In other words. The overall shape of the rotating body 110 may be formed in a circular shape, it may be coupled by the shaft fixing body 150 and the motor shaft.

At this time, the shaft fixing body 150 may serve to fix the blade 120 is coupled to the rotating body 110 is not separated.

Referring to FIG. 7, the blade 120 according to an embodiment of the present invention has a wing shaft 125 fitted into the inner wall 112 after passing through the outer wall 113, and may be provided in plurality. have.

The blade shaft 125 may have a guide groove 125a through which the moving protrusion 135 may be guided so that the blade 120 may be adjusted at a predetermined angle by the moving body 130 when the motor is driven. .

In addition, the blade 120 of the present invention may be formed to be bent in the S-shape including the first bent portion 121 and the second bent portion 122.

In this case, the first curved portion 121 is an area receiving wind when the forward rotation, and the second curved portion 122 is an area receiving the wind when the reverse rotation.

That is, the blade 120 is bent in the S-shape, it is possible to derive the same amount of wind during forward or reverse rotation.

The first curved portion 121 and the second curved portion 122 may be formed at a ratio of 6 to 5.5 (α): 4 to 4.5 (β) with respect to the blade axis 125 of the blade 120. .

The first curved portion 121 is formed to have a larger area than the second curved portion 122 will be described later with reference to FIGS. 10 and 11.

Next, referring to FIGS. 2 to 4, the movable body 130 is inserted into the wing shaft 125 between the outer wall 113 and the inner wall 112 and slides linearly by centrifugal force and moves on the inner wall. 135 can be formed.

At this time, the moving projection 135 is formed on both sides, the guide groove 125a may also be formed to correspond to the wing shaft 125 accordingly.

The movable body 130 is moved along the longitudinal direction of the blade shaft 125, and the linear movement by the centrifugal force is possible even if only the rotation is performed regardless of the forward or reverse rotation direction of the motor.

That is, as the moving protrusion 135 formed on the moving body 130 is linearly moved along the guide groove 125a of the wing shaft 125, the angle of the blade 120 can be adjusted. At this time, the driving of the motor is stopped. Accordingly, the spring member 140 may be provided to give a restoring force so that the position of the blade 120 may be returned to its original position.

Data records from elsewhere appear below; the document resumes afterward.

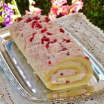 Нежный рулет с брусничным кремом и маршмеллоу
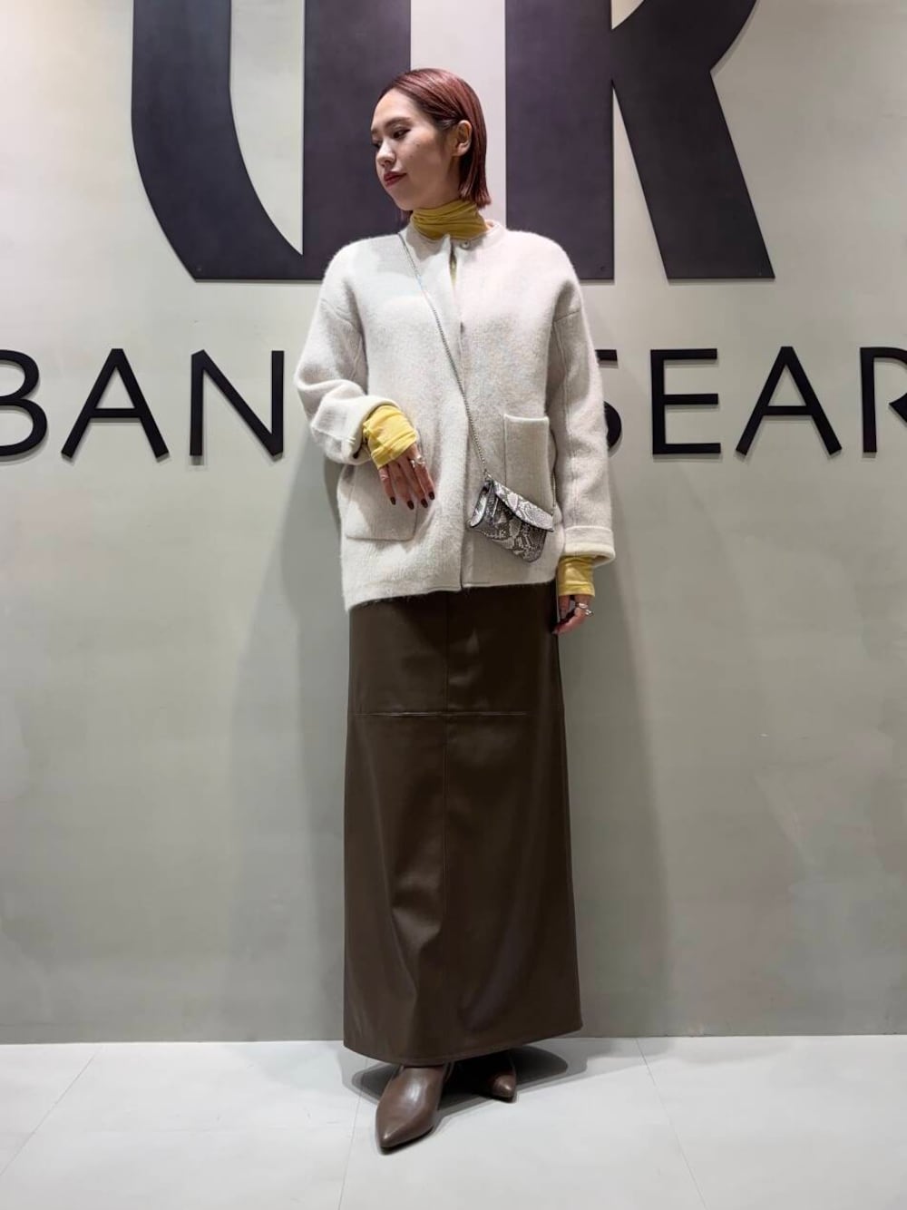 レザーライクなスカートで大人っぽくを意識し
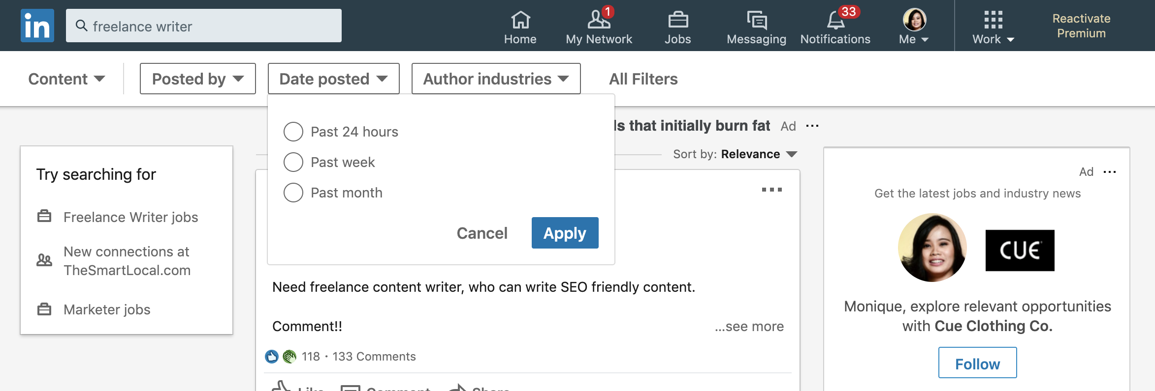 LinkedIn’s job section lets users find freelance writing jobs but you can also find recruiters by reading social media. To get started, go to the content section on LinkedIn and use the search term “freelance writer”. This lets you view freelance writer-centric posts.

In the S-shaped wing structure 100 of the present invention, the blade 120 may be opened and closed by the above operation.

In this case, referring to FIG. 6, the movable body 130 may be provided for each of the blades 120 so that the blades may be disposed at an angle of 35 to 39 ° along the guide groove 125a without the interference of each of the blades 120. 120 may be rotated.

In order for the blade 120 to be rotated and opened at an angle of 35 to 39 ° along the guide groove 125a, the insert 130 is injected to have a weight, thereby performing a linear motion using centrifugal force so that the blade 120 is rotated. Can open and close the

The blade 120 may be adjusted at an angle of 35 to 39 °, so noise, air volume, wind speed, and motor efficiency may be most suitable. In particular, the blade 120 may be adjusted to 37 °.

Describing step by step, it may include the step of operating the S-shaped wing structure 100 of varying angle and the step of stopping the S-type wing structure 100 of varying angle.

At this time, the step of operating the S-shaped wing structure 100 of varying angle is the step of rotating the motor forward or reverse, the moving body 130 outside the rotating body 110 in accordance with the centrifugal force generated by the rotation of the motor The linear motion in the direction of the wall and the angle of the blade 120 in accordance with the linear motion may include the step of intake or exhaust air.

The step of stopping the S-shaped wing structure 100 whose angle is variable is a step of stopping the motor and the moving body 130 is returned to the inner wall 112 direction of the rotating body 110 by the restoring force of the spring member 140. By coming, the blade 120 may proceed to include a closed state.

Next, referring to FIG. 8, the blades 120 according to the second embodiment of the present invention are respectively disposed on the right side of the first bend 121 and the left side of the second bend 122 in the blade 120 according to the embodiment. The first dispersion protrusion 121a and the second dispersion protrusion 122a may be further formed.

The first dispersion protrusion 121a and the second dispersion protrusion 122a may attenuate noise by dispersing wind when the blade 120 rotates.

In this case, in order to maximize noise attenuation, the first dispersion protrusion 121a may be formed to be bent upward from the first curved portion 121, and the second dispersion protrusion 122a may be formed to be bent downward from the second curved portion 122. have.

Next, referring to FIG. 9, the blade 120 according to the third exemplary embodiment of the present invention may have a convex bump 121b formed convexly at a portion where the first bend 121 and the second bend 122 are connected to each other. 122b) may be further included.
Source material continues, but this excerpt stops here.